=== Section Start ===

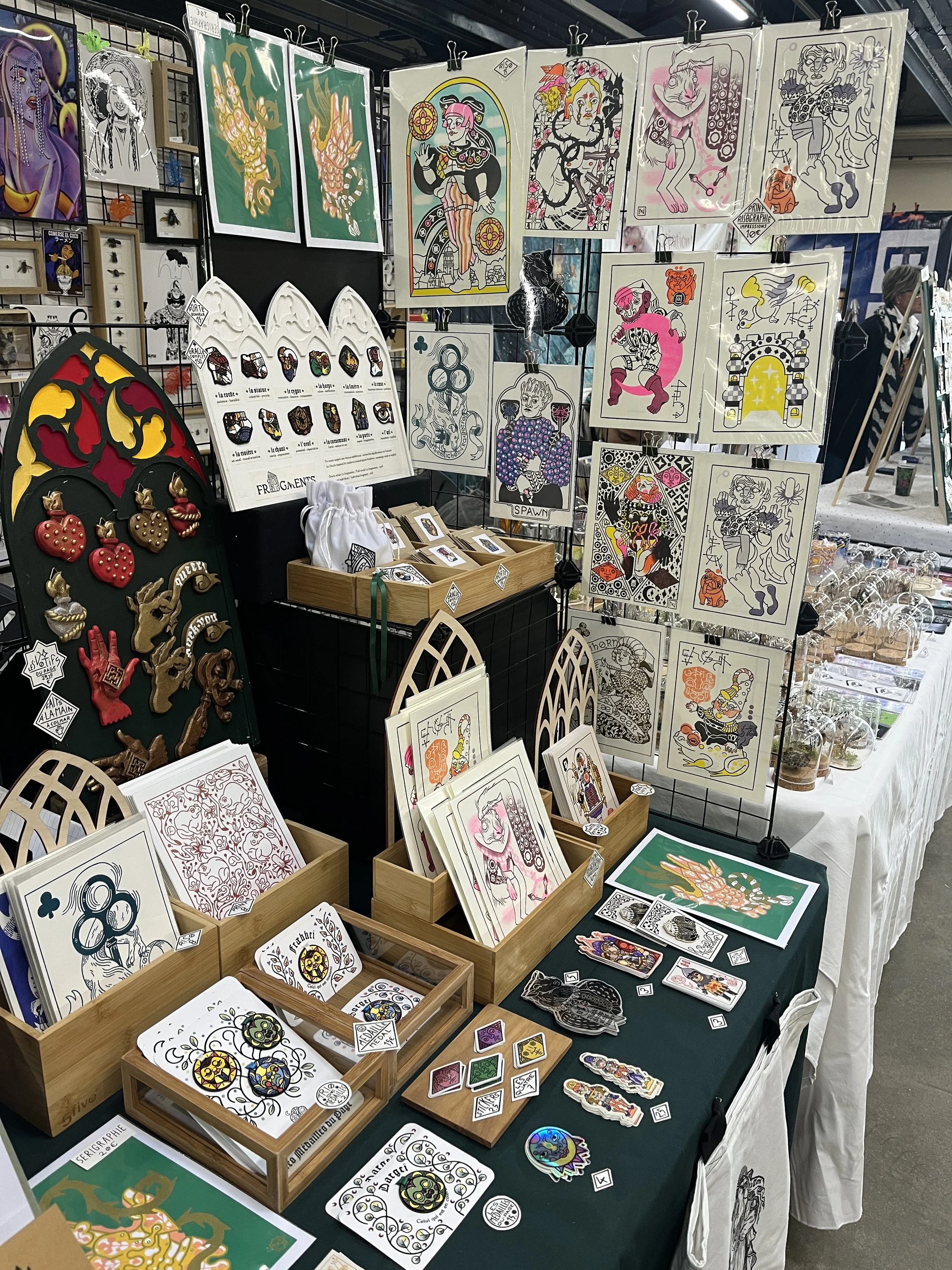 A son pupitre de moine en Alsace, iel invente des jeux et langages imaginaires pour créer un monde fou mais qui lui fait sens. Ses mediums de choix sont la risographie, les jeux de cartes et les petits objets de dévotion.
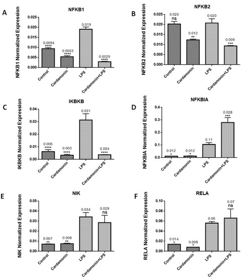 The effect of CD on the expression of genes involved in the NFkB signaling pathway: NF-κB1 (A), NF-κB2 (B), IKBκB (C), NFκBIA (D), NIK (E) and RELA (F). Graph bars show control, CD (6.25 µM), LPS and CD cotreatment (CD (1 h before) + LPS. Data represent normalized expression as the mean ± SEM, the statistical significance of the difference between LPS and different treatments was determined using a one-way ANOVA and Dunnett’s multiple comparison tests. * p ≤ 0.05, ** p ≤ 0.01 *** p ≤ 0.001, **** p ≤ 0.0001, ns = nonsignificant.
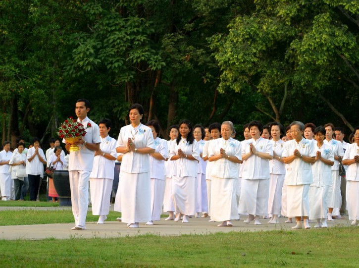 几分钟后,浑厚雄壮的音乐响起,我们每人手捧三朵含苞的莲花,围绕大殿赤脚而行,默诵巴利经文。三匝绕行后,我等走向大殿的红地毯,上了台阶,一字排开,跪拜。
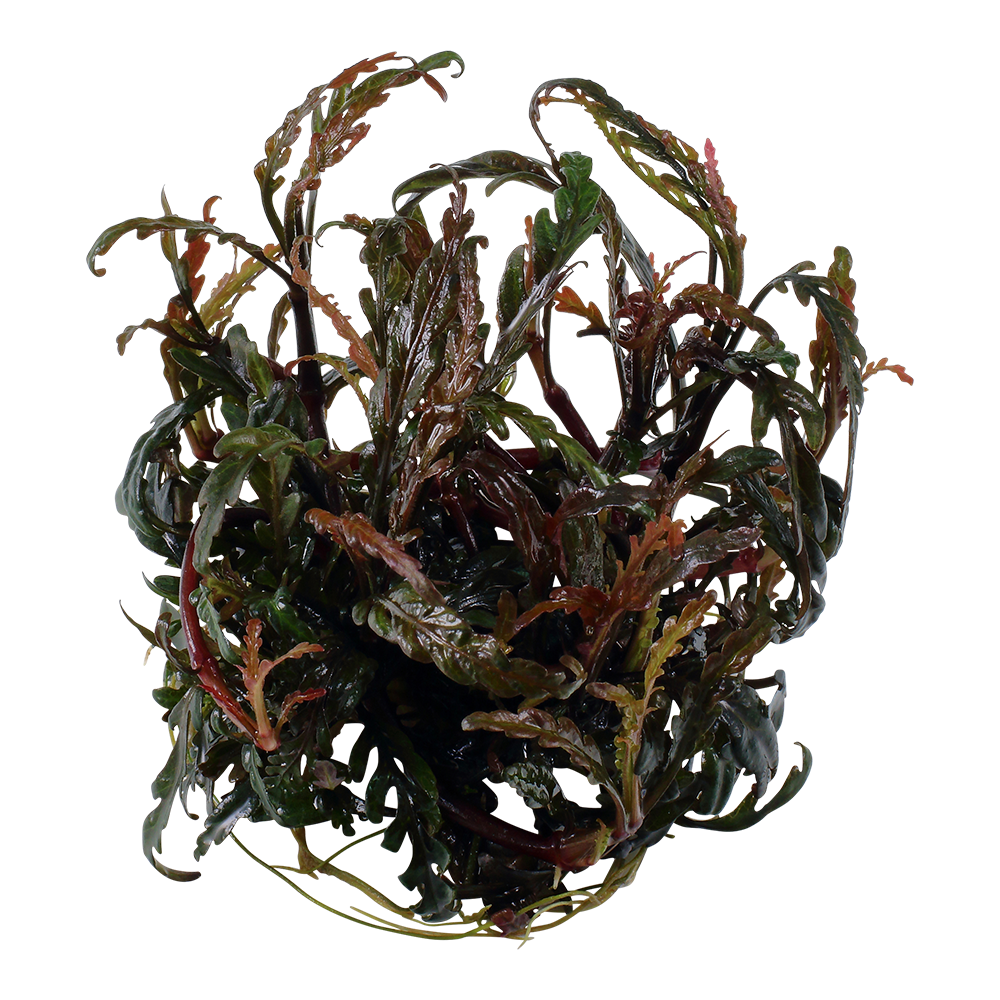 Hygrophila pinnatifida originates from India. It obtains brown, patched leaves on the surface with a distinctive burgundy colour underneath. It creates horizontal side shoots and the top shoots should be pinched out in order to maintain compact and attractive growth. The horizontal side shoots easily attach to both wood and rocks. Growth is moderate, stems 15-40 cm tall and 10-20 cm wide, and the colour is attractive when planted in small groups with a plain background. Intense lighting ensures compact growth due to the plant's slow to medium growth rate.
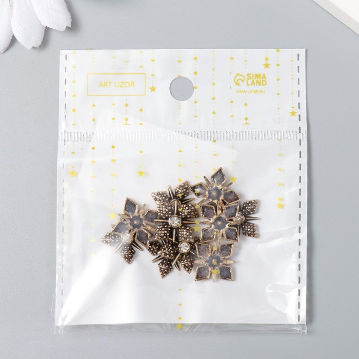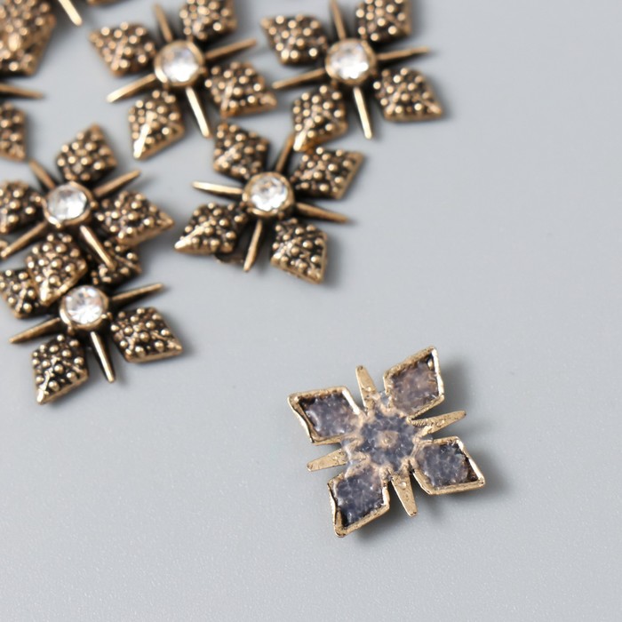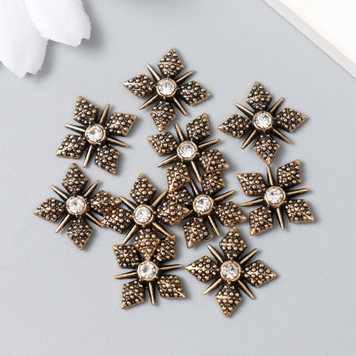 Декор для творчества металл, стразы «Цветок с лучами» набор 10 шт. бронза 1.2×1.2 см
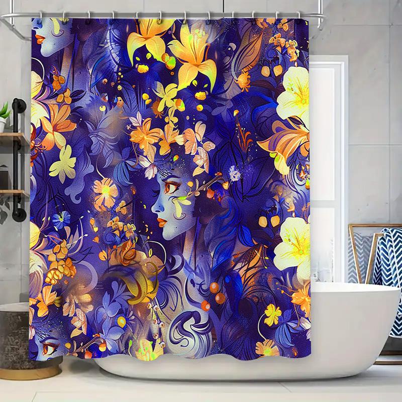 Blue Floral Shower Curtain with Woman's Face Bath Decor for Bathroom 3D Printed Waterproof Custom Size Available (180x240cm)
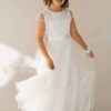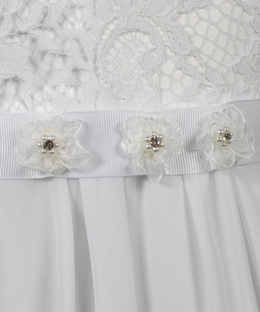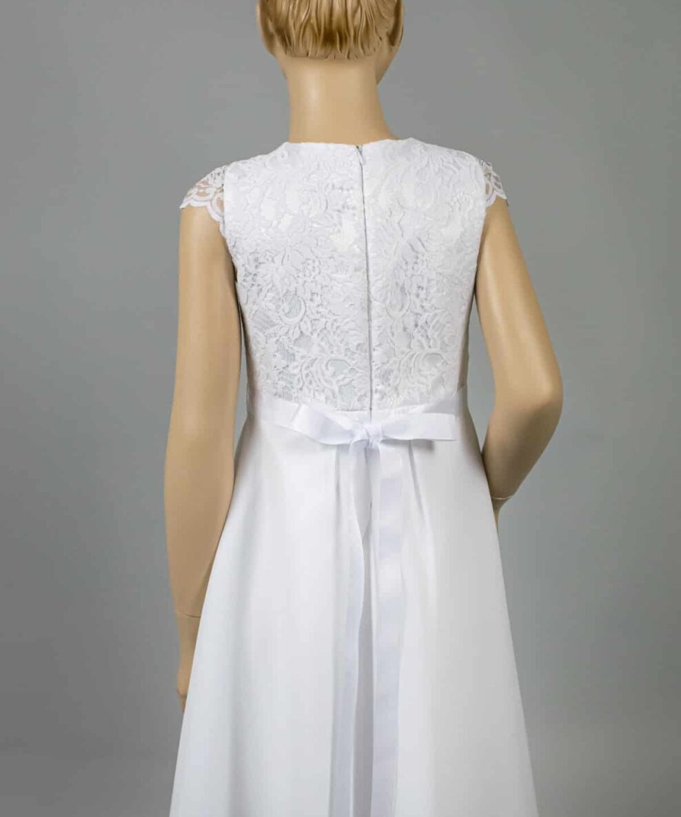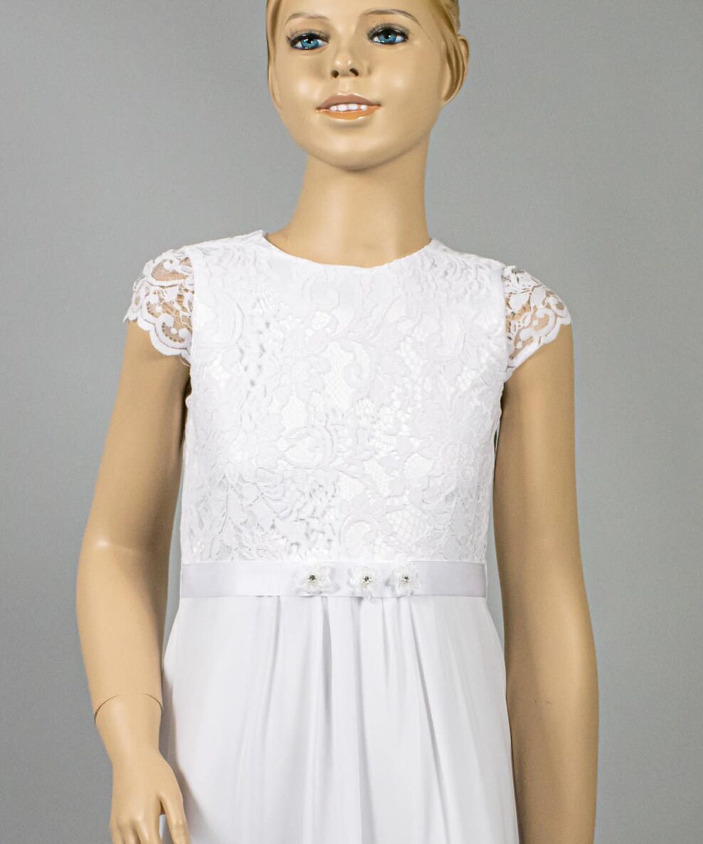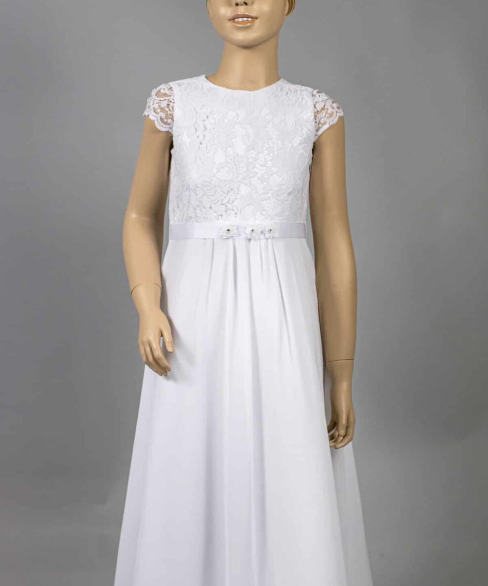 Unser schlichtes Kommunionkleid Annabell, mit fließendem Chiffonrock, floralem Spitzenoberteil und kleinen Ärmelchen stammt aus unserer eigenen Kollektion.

=== Section End ===

Restate word for word each line from the top of the listing down to and including the line that holds "几分钟后,浑厚雄壮的音乐响起". Drop any pictures.

Your response:
 A son pupitre de moine en Alsace, iel invente des jeux et langages imaginaires pour créer un monde fou mais qui lui fait sens. Ses mediums de choix sont la risographie, les jeux de cartes et les petits objets de dévotion.
 The effect of CD on the expression of genes involved in the NFkB signaling pathway: NF-κB1 (A), NF-κB2 (B), IKBκB (C), NFκBIA (D), NIK (E) and RELA (F). Graph bars show control, CD (6.25 µM), LPS and CD cotreatment (CD (1 h before) + LPS. Data represent normalized expression as the mean ± SEM, the statistical significance of the difference between LPS and different treatments was determined using a one-way ANOVA and Dunnett’s multiple comparison tests. * p ≤ 0.05, ** p ≤ 0.01 *** p ≤ 0.001, **** p ≤ 0.0001, ns = nonsignificant.
 几分钟后,浑厚雄壮的音乐响起,我们每人手捧三朵含苞的莲花,围绕大殿赤脚而行,默诵巴利经文。三匝绕行后,我等走向大殿的红地毯,上了台阶,一字排开,跪拜。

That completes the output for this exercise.